After a stabilizing base building period with the 24kg/53lb I then went to the 32kg/70lb for the same 500 reps, then the 88lb/40kg again for 500 reps. I spent a week or two with each bell then immediately went back to the 53 and suddenly massively beat both my time for total reps and number of unbroken reps. In fact at this time the workout went so well that I went to 750 reps total. Every time this happened my idea of the possible and potential new progress also went way up.

My goals became more clearly defined. First it was 300 reps unbroken, then 400 reps in 10 minutes or unbroken, then 500 reps in 15 minutes or unbroken. Then 1000 reps total. Then the most reps I could do in one hour. Then the fastest time through for 1000 reps. Every time it was cycling the goals through all the bells: 53, 70, 88, 106 and then I added a loadable handle to go to 125lbs for one-hand swings. I found that the heaver bells immediately made me PR with the lighter bells for unbroken reps, total number of possible reps, and rep times. I kept track of each then I also got the same PR's every time I went back up to the heavier bell from the lighter bell because even though it was heavier my total unbroken time under had gone up with the lighter bell. The heaver bell then made the lighter bell feel like a toy and I PR'd the next workout with it. A double ended pay off to every cycle.

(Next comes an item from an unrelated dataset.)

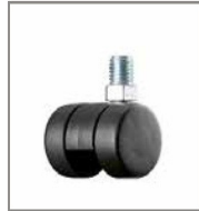
Kunststoff-Doppelrolle (2 cm höher)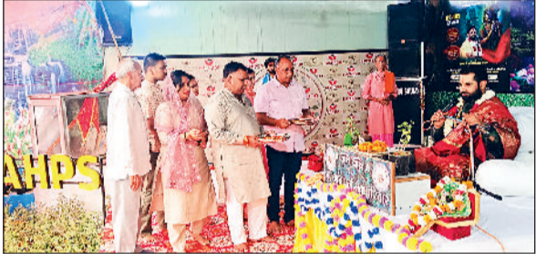
महेन्द्रगढ़। कथा के दौरान रसपान करते कथावाचक।

Then my "swing universe" began to expand even more. I experimented with different ways to do these cycles coming up with 18 variations so far. Next 2000 reps became a goal. Then 1000 reps unbroken became a goal. Then 2000 reps in under one hour. Then 3000 reps and I'm still cycling through them. My posterior chain became like steel and the DOMS (delayed onset muscle soreness) and next one-to-three day fatigue became almost non-existent. My strength stayed high, my grip strength and endurance went way up. My overall endurance which was already good went crazy and I was able to apply it across many mediums with incredible success. (Grappling, strongman, bodyweight, heavy bag, sledgehammers, intervals, stairs, etc.) My forearms started showing veins and weight just fell off. That is the craziest thing- even though I was in great shape before this took me to a whole new world and burned fat off infinitely better and faster than any thing else ever has.

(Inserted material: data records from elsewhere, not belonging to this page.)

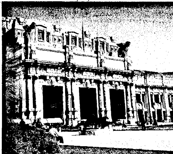
AFFRESCHI IN PERICOLO: «Questo lo blocciamo» dichiara il critico al solo sentire nominare sopralci che andrebbero a coprire i dipinti di Rizzoli alla Stazione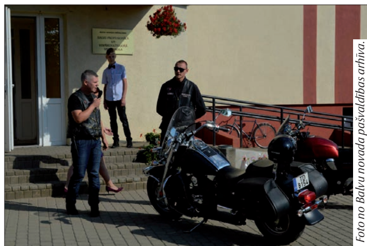
Balvu Profesionālās un vispārīgglītojošās vidusskolas un Rīgas Valsts tehnikuma struktūrvienības skolēnus ieradās sveikt motokluba "Spieķi vēja" pārstāvji, kuri vēlēja ne tikai labi mācīties, bet arī klausīt skolotājus.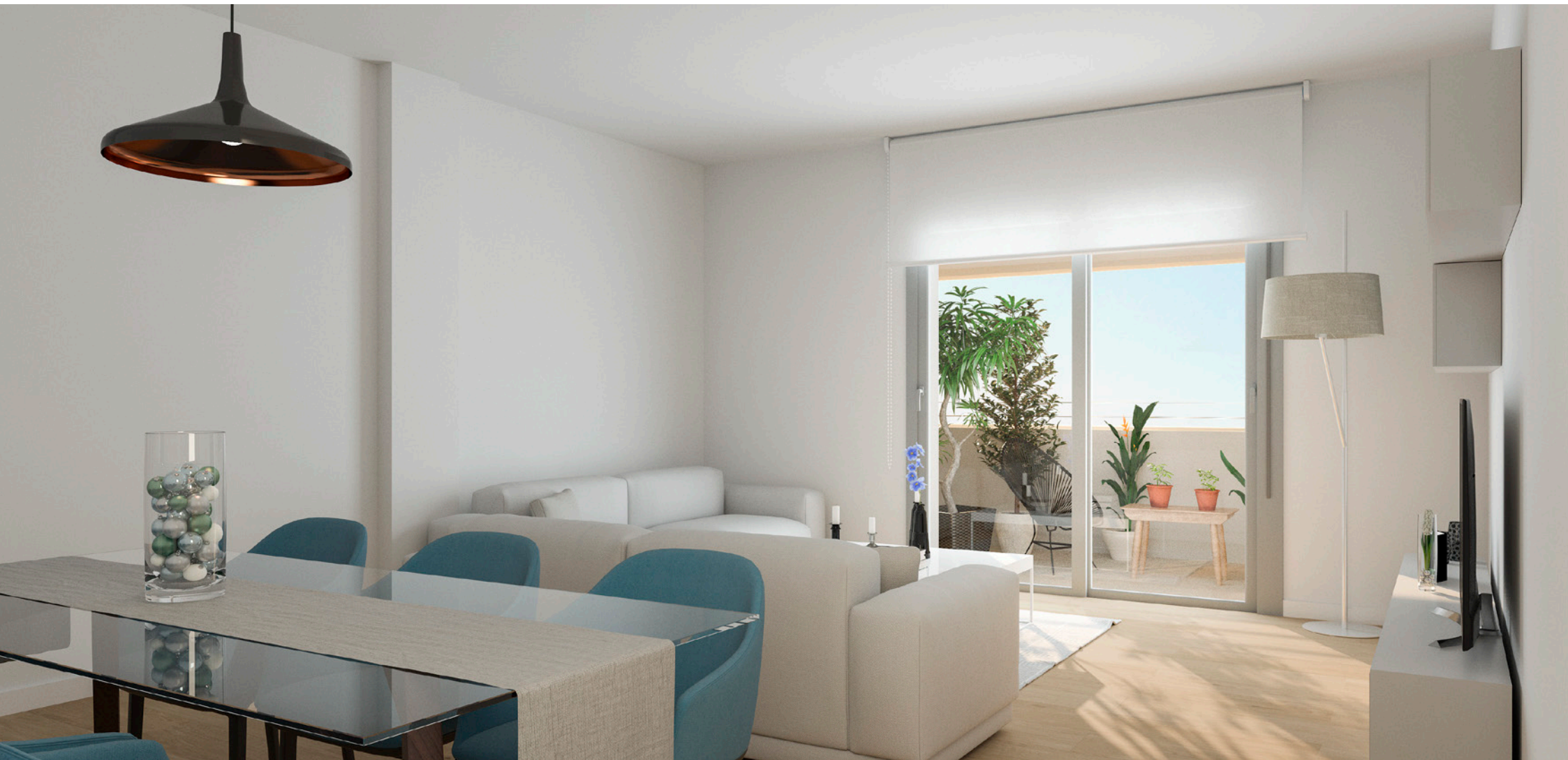
Interior de la vivienda. Acabados

So how much did I actually progress empirically during this time? Well, from my all time highest bodyweight of 385 pounds I'm down to 275. (Was 360-ish starting this particular style of training. That's 110lbs total. I've lost 15 inches off my waist and am wearing pants smaller than when I was in high school. I can still one arm shoulder-press and snatch a 150lb dumbbell, one arm row 300lbs, do 15 rep sit ups with 500lbs on my torso, bend spikes, pull 700lbs from below the knee and 1,000 from above as well as do partials with over 1,000lbs. The first time I did 1000 swings with a 53lb/24kg bell it took 45 minutes. Since then here are my best:

24kg/53lb – 3000 reps in 1:39:00

32kg/70lb – 1000 reps unbroken in :24:00

32kg/70lb – 2000 reps in :59:00

40kg/88lb – 500 reps in :14:00

40kg/88lb – 1000 reps in :32:15

40kg/88lb – 2000 reps in 1:27:00

48kg/106lb – 1000 reps in :45:00

57kg/126lb – 500 reps in :35:00

80kg/176lb – (two-hand swing w/ t-handle – part of another cycle we'll talk about soon) 500 reps in :44:00

As you can see I've doubled the workload in half the time. Is there more to go? Absolutely. If you want real progress to super ability you gotta do what no one else is willing to do. You can. When is the last time you climbed your own mountain?